## Task brief
Pictures in the material below are to be left out, and only the lines from the line with "Scraped ceilings showcase" up to and including the line with "בלייזר מחוייט משובץ ורוד לבן" are to be written out exactly.

--- Information supplied Enclosed Below ---

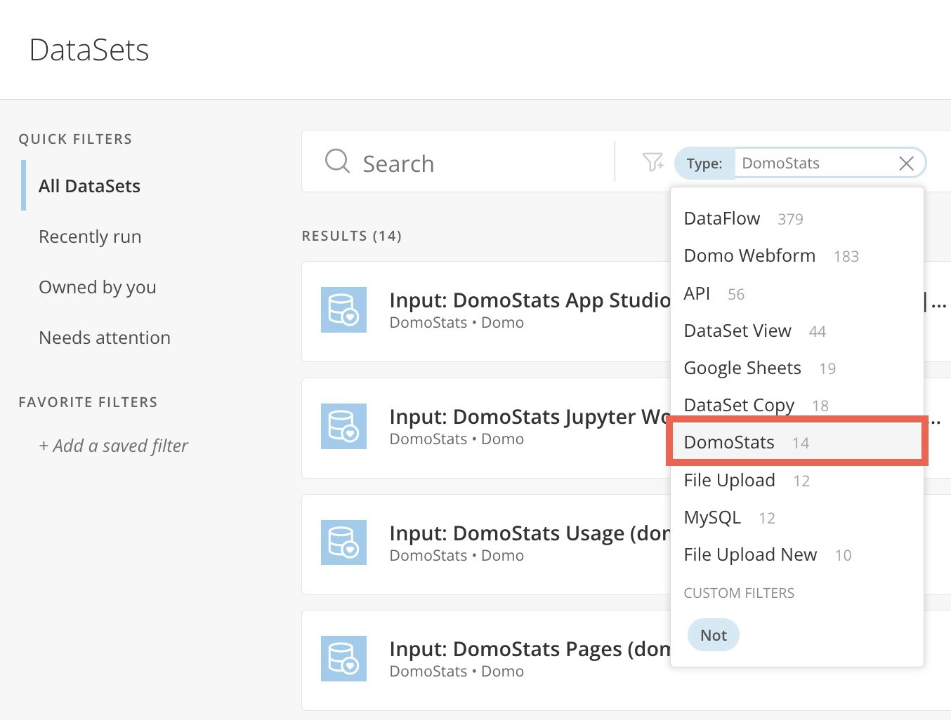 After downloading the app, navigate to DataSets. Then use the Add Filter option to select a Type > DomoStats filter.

--- End of Enclosed Information supplied ---
--- Information supplied Enclosed Below ---

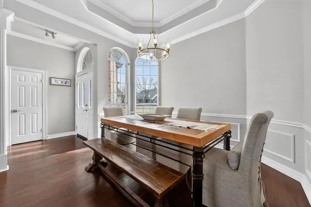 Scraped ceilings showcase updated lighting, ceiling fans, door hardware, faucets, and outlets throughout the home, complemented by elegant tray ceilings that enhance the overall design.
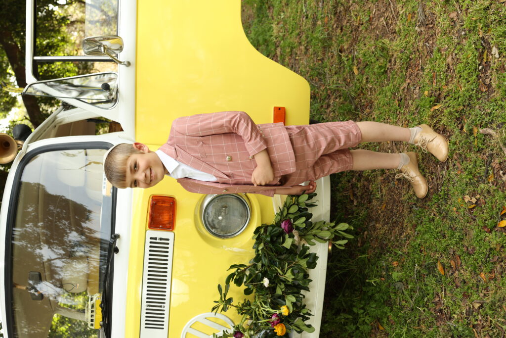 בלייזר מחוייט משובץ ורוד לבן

--- End of Enclosed Information supplied ---
--- Information supplied Enclosed Below ---

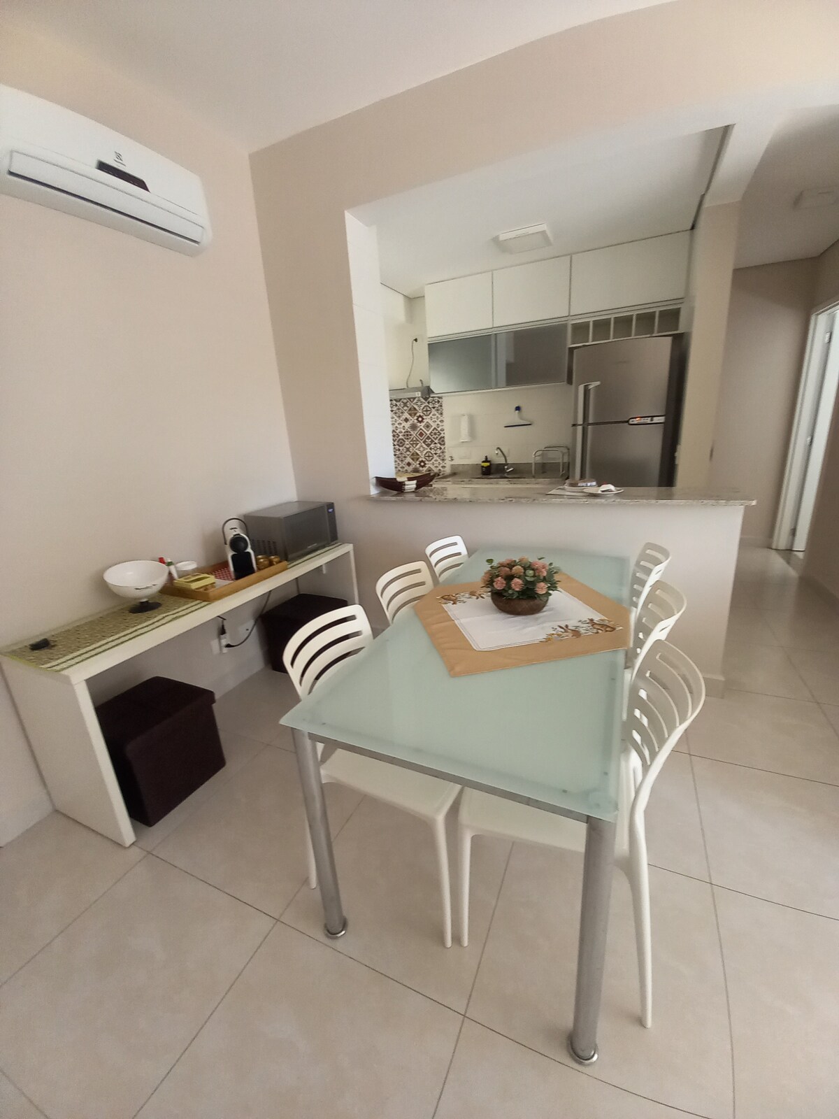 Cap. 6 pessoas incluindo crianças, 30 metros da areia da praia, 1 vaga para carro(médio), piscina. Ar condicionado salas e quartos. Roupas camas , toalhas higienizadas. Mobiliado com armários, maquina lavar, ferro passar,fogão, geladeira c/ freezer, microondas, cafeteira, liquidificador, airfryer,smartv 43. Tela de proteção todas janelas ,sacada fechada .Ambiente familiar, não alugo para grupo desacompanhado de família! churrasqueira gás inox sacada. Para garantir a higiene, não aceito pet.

--- End of Enclosed Information supplied ---

## Output
 Scraped ceilings showcase updated lighting, ceiling fans, door hardware, faucets, and outlets throughout the home, complemented by elegant tray ceilings that enhance the overall design.
 בלייזר מחוייט משובץ ורוד לבן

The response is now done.